In discussing the challenges associated with “Strict” enforcement, the authors point out that “Lax enforcement provides a reasonable defense in depth against CSRF attacks that rely on unsafe HTTP methods (like POST)”. Like most security-related documents, they are actively avoiding making recommendations against dropping other types of security, but it’s important to note that they are not making any particular statement about traditional CSRF tokens, and especially not saying that traditional CSRF tokens solve problems that SameSite does not.
Then they point out two particular areas of potentially confusing CSRF concern that “Lax” brings up in comparison with “Strict” enforcement: top-level navigation and pre-rendering. In both cases, these concerns would, as far as I can tell, apply equally to Django’s existing CSRF implementation using a token. Only a CSRF implementation analogous to “Strict” enforcement would alleviate the concerns presented here, and Django has made the conscious choice to align our CSRF protection the same way that the “Lax” enforcement does: based on “safe” HTTP methods.

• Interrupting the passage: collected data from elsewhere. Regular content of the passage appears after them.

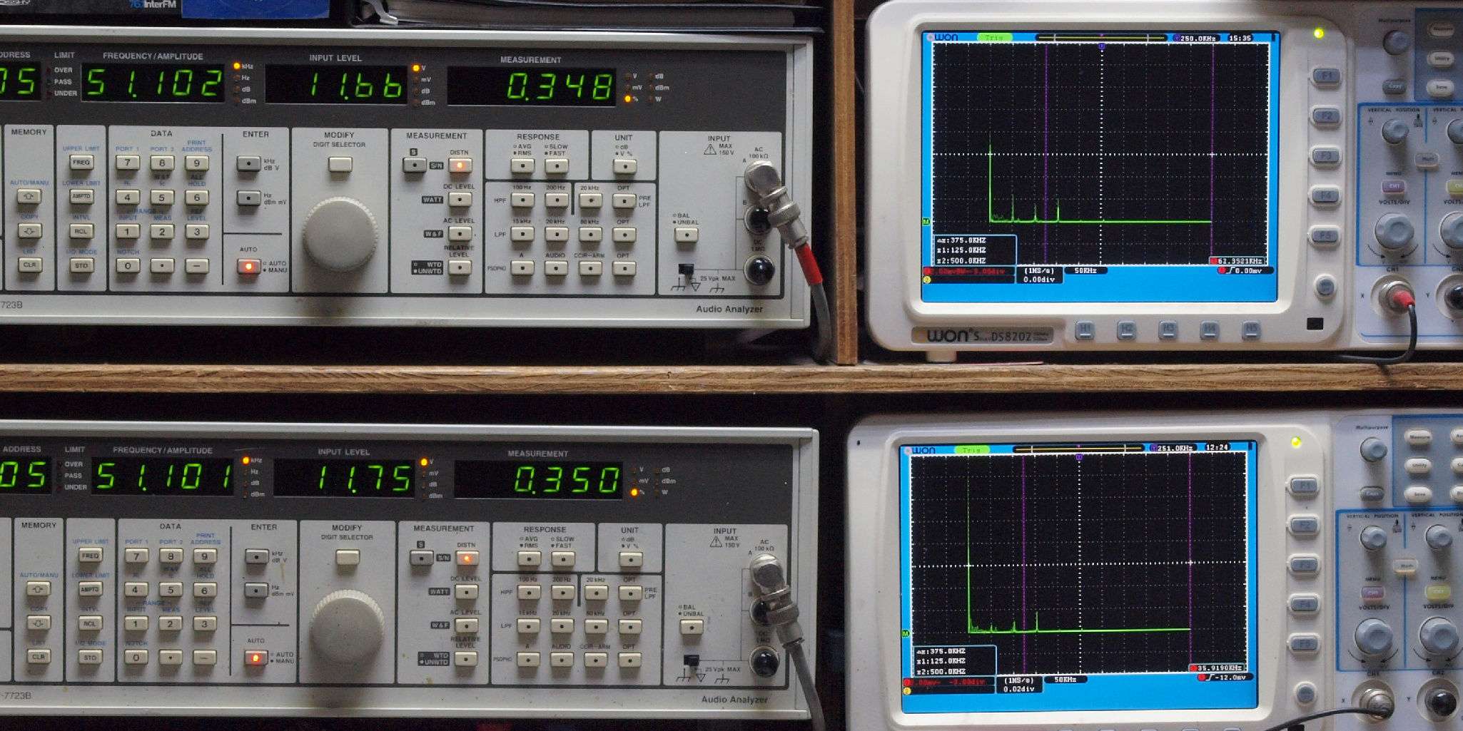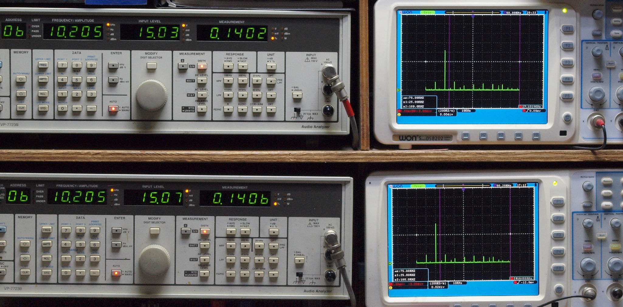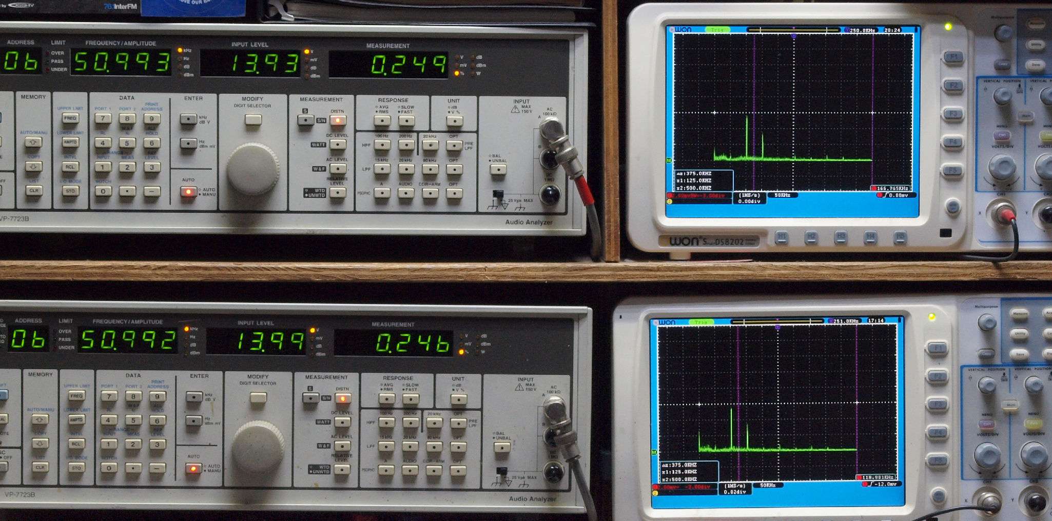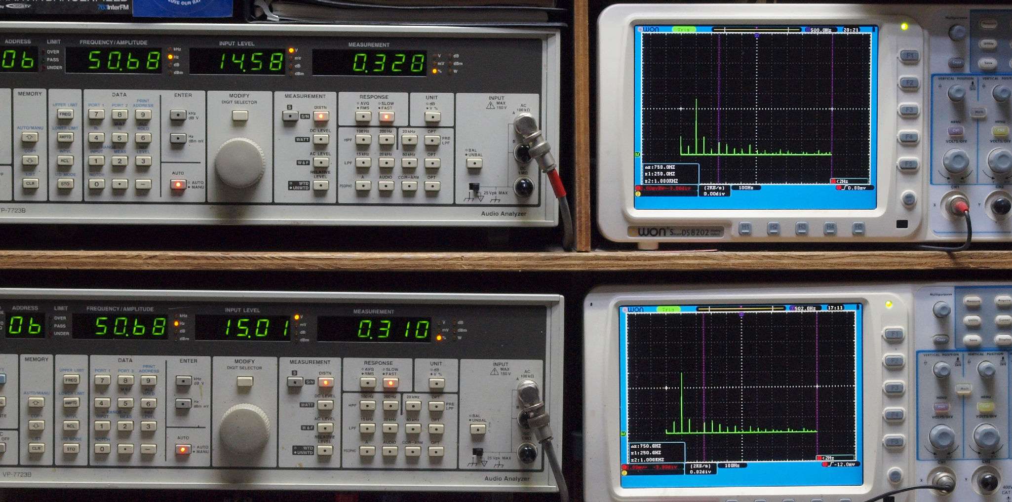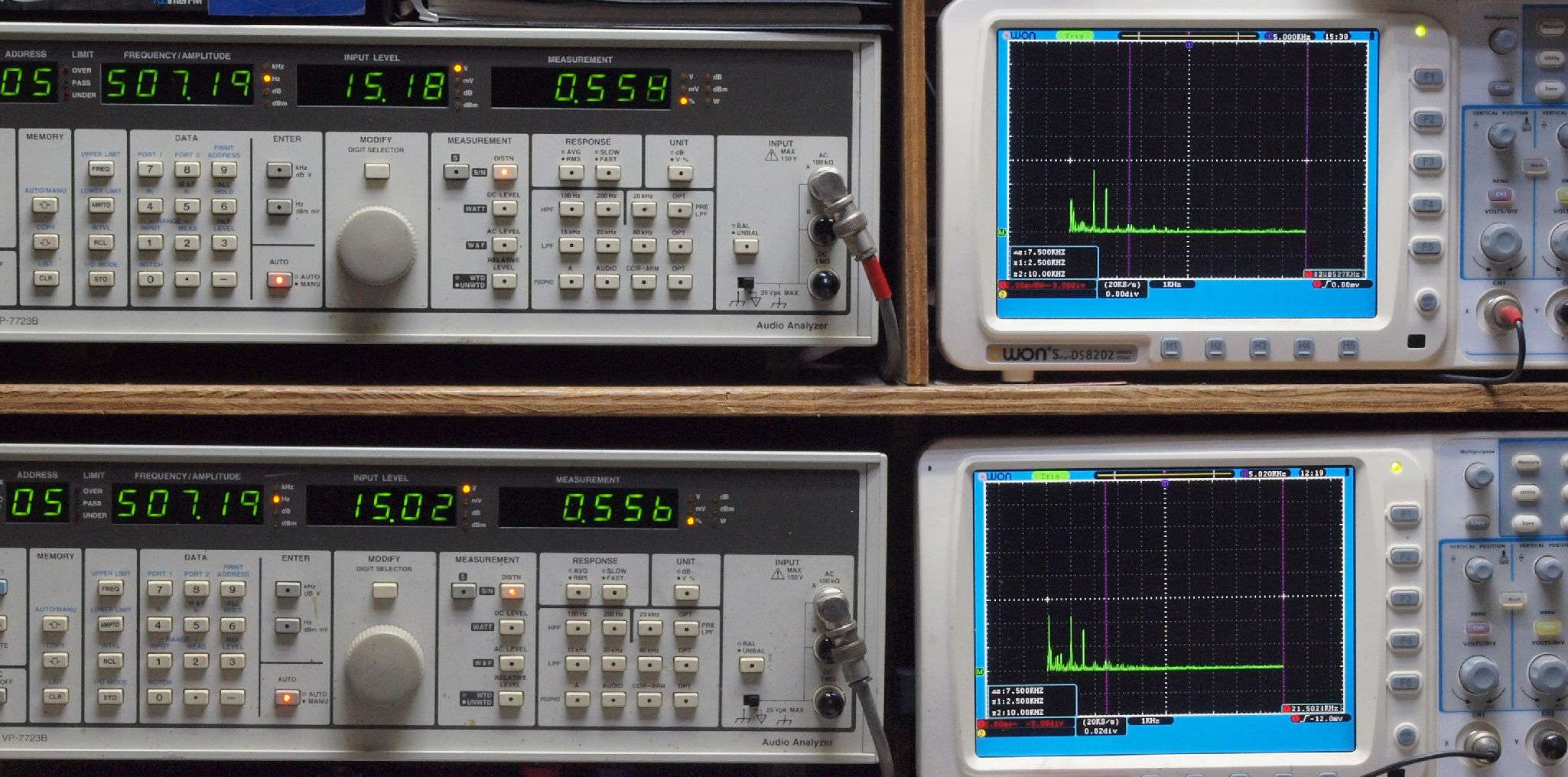 よって、ダイアル設定出力レベルより低くなります。測定機器の仕様や整備の様子はこちら、「VP−7723B」「VP−7201A」。 FFT画面の見方はこちら。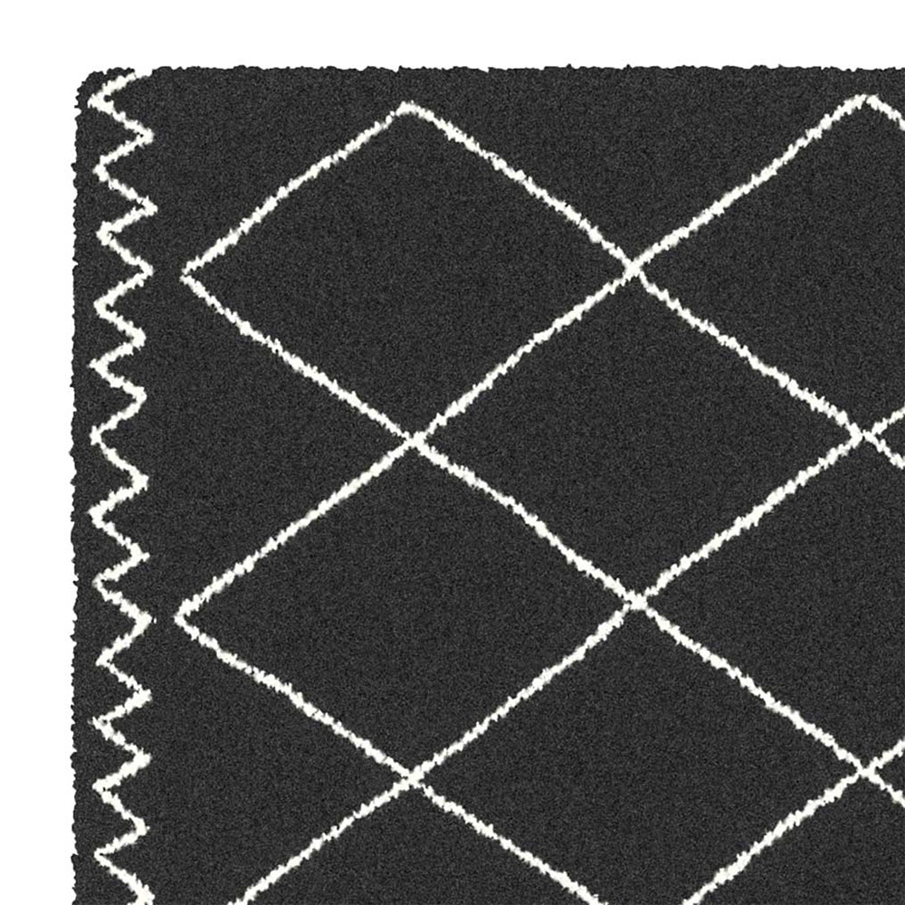 Très joli tapis Saoura noir rectangulaire de dimensions 80 x 150 cm confectionné en polypropylène. Apportez des coloris naturels dans votre intérieur avec ce jolis tapis aux motifs géométriques ethniques.
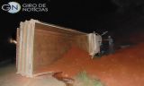 Caminhão carregado com cascalho tomba em rodovia em Itabela.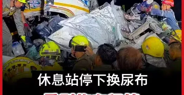休息站換尿布遭拖車猛撞 ,10人家庭8死2重傷!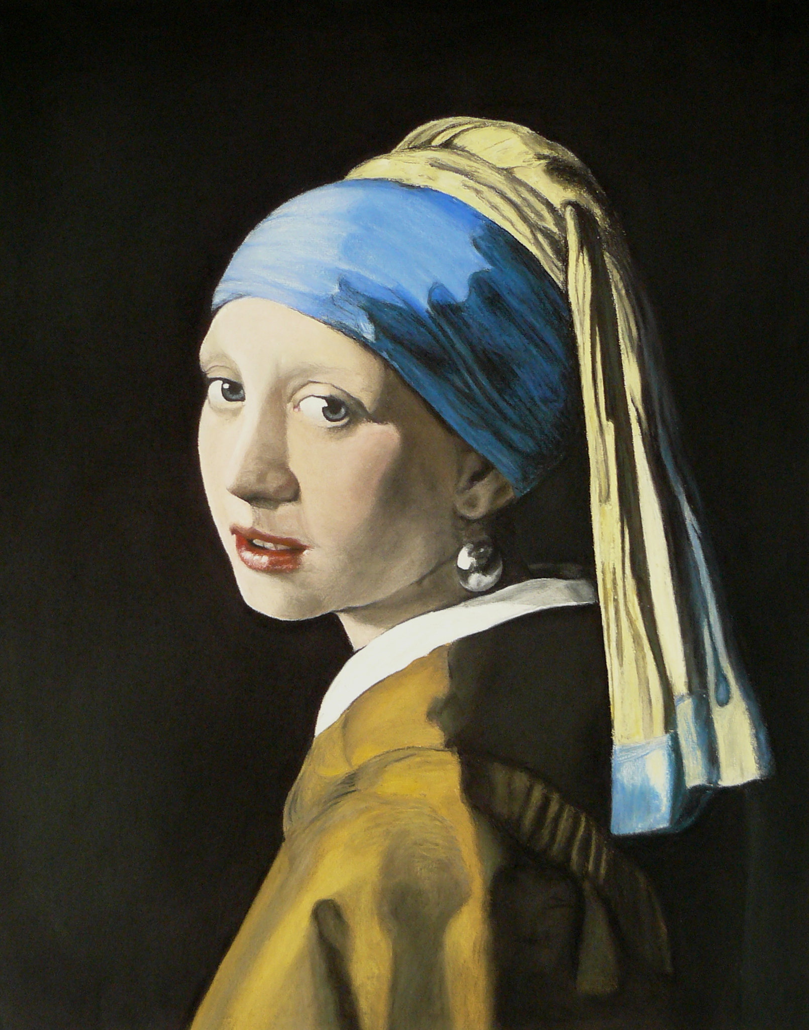 Meisje met de parel van Vermeer, maar dan in pastel.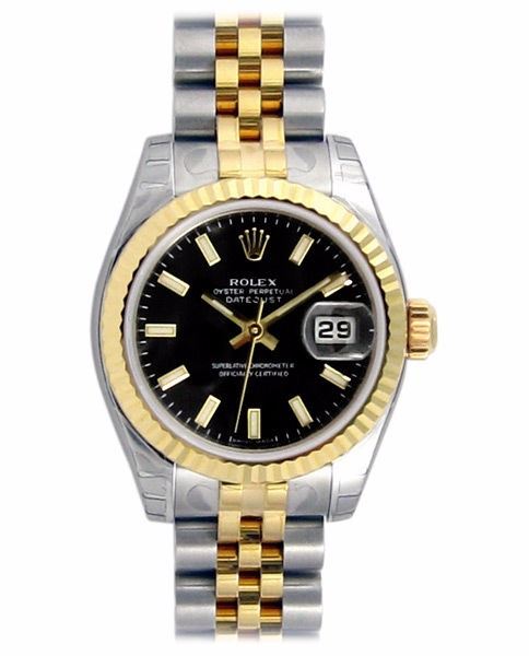 Model: 179173-BKSJ - CASE = [Material:Stainless Steel], [Case Diameter:26], [Bezel:Fixed Fluted], [Water Resistant:100 Meters - 330 Feet], [Crystal:Scratch Resistant Sapphire],; DIAL = [Color:Black Luminous Stick],; MOVEMENT = [Type:31 Jewels Automatic Self Winding],; BAND = [Clasp:Hidden Deployant], [Type:18kt Yellow Gold and Stainless Steel Jubilee], (Usually ships in 1 to 2 weeks.)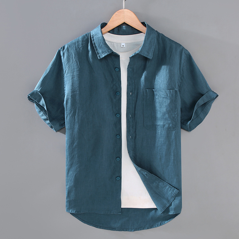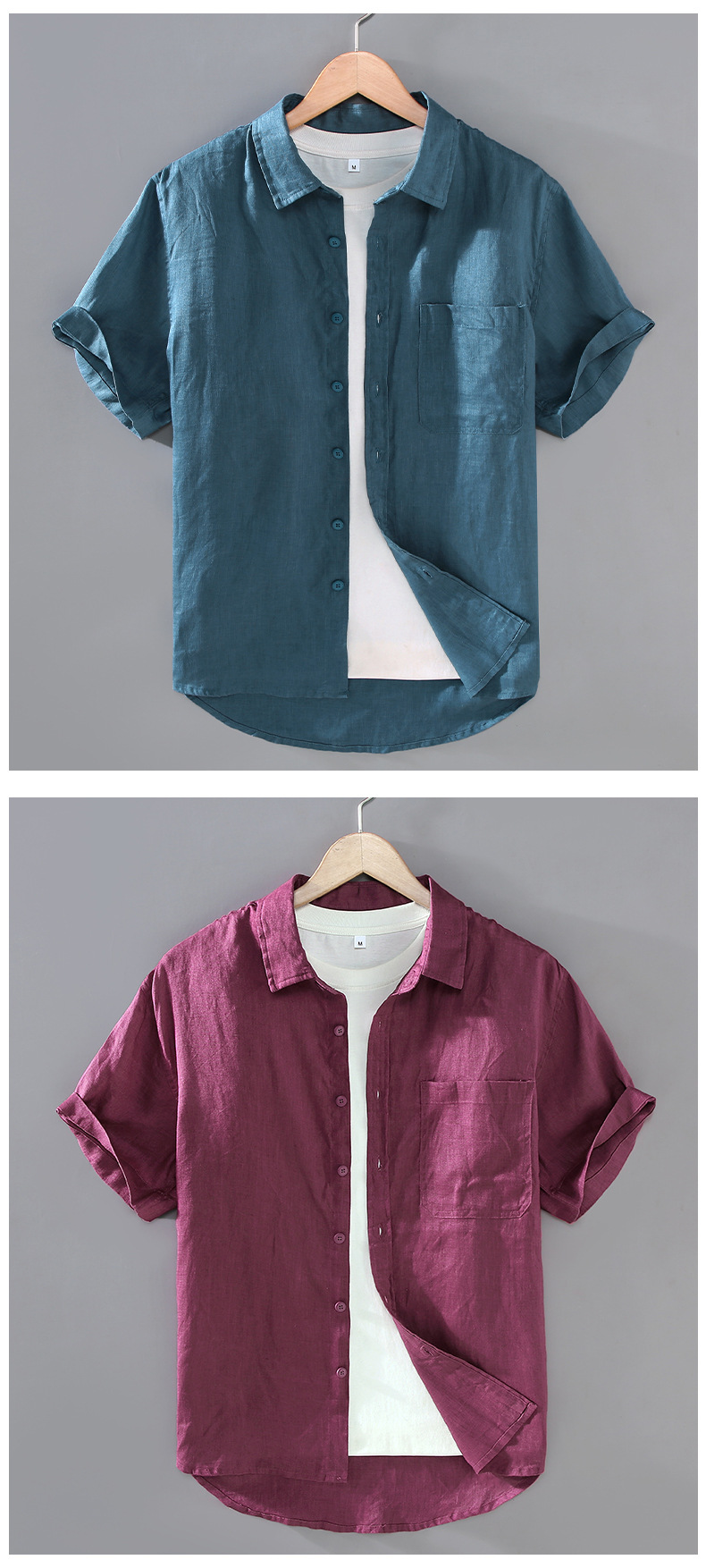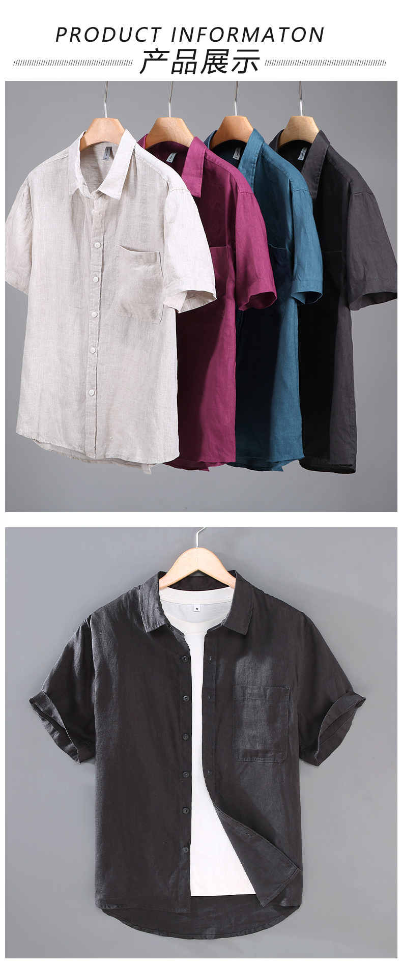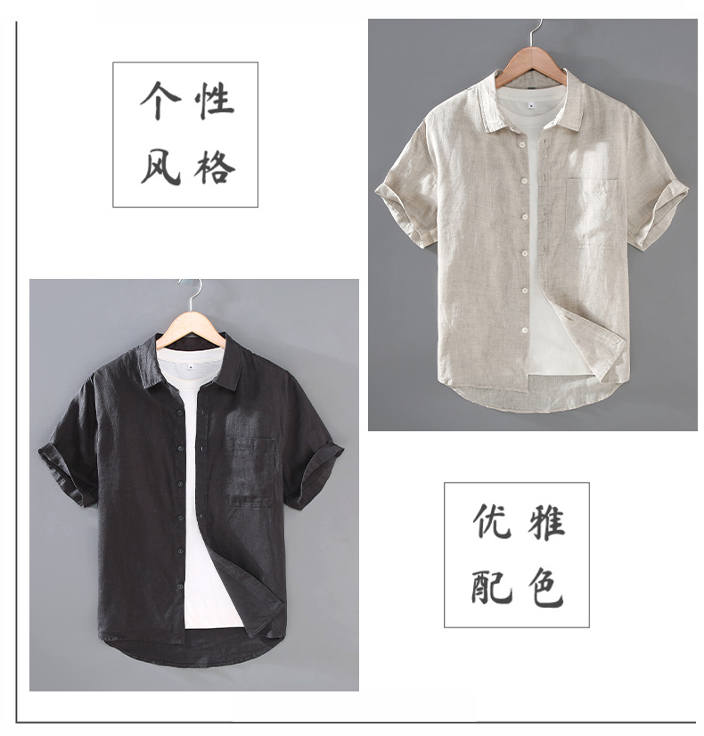 G192 일본 린넨 신선한 반팔 셔츠 남성용 다목적 예술적 캐주얼 루즈 통기성 탑 드롭 배송

They do recommend using “a session management mechanism such as described in Section 8.8.2”. Because that sounds vaguely like a recommendation to use a CSRF session token, I want to follow that thread, and see what they’re suggesting. Turns out, it’s kind of interesting, but also pretty irrelevant to the question of whether SameSite=Lax has some drawback compared to a CSRF token.
It’s worth a read, but essentially it’s suggesting using a “Lax” session cookie for read-only access, and a separate “Strict” session cookie that grants write access. It’s most important to note that it is not making any suggestion that a session CSRF token is still necessary. We can also note that this pattern is unrelated to the choice of using a CSRF token or relying on SameSite cookie enforcement.